4. Adjudication method for the test set

This information is not provided in the document.

5. If a multi-reader multi-case (MRMC) comparative effectiveness study was done, If so, what was the effect size of how much human readers improve with AI vs without AI assistance

An MRMC study is not mentioned. The device is an evoked potential electrodiagnostic system and does not appear to be an AI-assisted diagnostic tool for human readers in the way an AI-powered image analysis system would be.

6. If a standalone (i.e. algorithm only without human-in-the loop performance) was done

This concept is not applicable to the device described. The Amplaid MK12 is a multi-channel system for electrodiagnosis, implying human operation and interpretation of the evoked potentials. It's not a standalone algorithm in the sense of AI/ML.

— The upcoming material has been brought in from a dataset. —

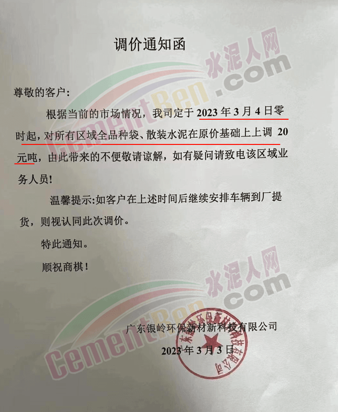 廣東銀嶺環(huán)保新材料科技有限公司通知,3月4日對全區(qū)域水泥價(jià)格上調(diào)20元/噸。

7. The type of ground truth used

The document does not specify the type of ground truth used. For an evoked potential system, "ground truth" would generally relate to the accuracy, reliability, and precision of the physiological signal acquisition and processing compared to established medical benchmarks or the performance of the predicate device.

8. The sample size for the training set

The concept of a "training set" in the context of machine learning is not applicable here, as the device is not described as using AI/ML algorithms that require training data.

9. How the ground truth for the training set was established

Not applicable for the same reason as point 8.

§ 882.1870 Evoked response electrical stimulator.

(a)
Identification. An evoked response electrical stimulator is a device used to apply an electrical stimulus to a patient by means of skin electrodes for the purpose of measuring the evoked response.(b)
Classification. Class II (performance standards).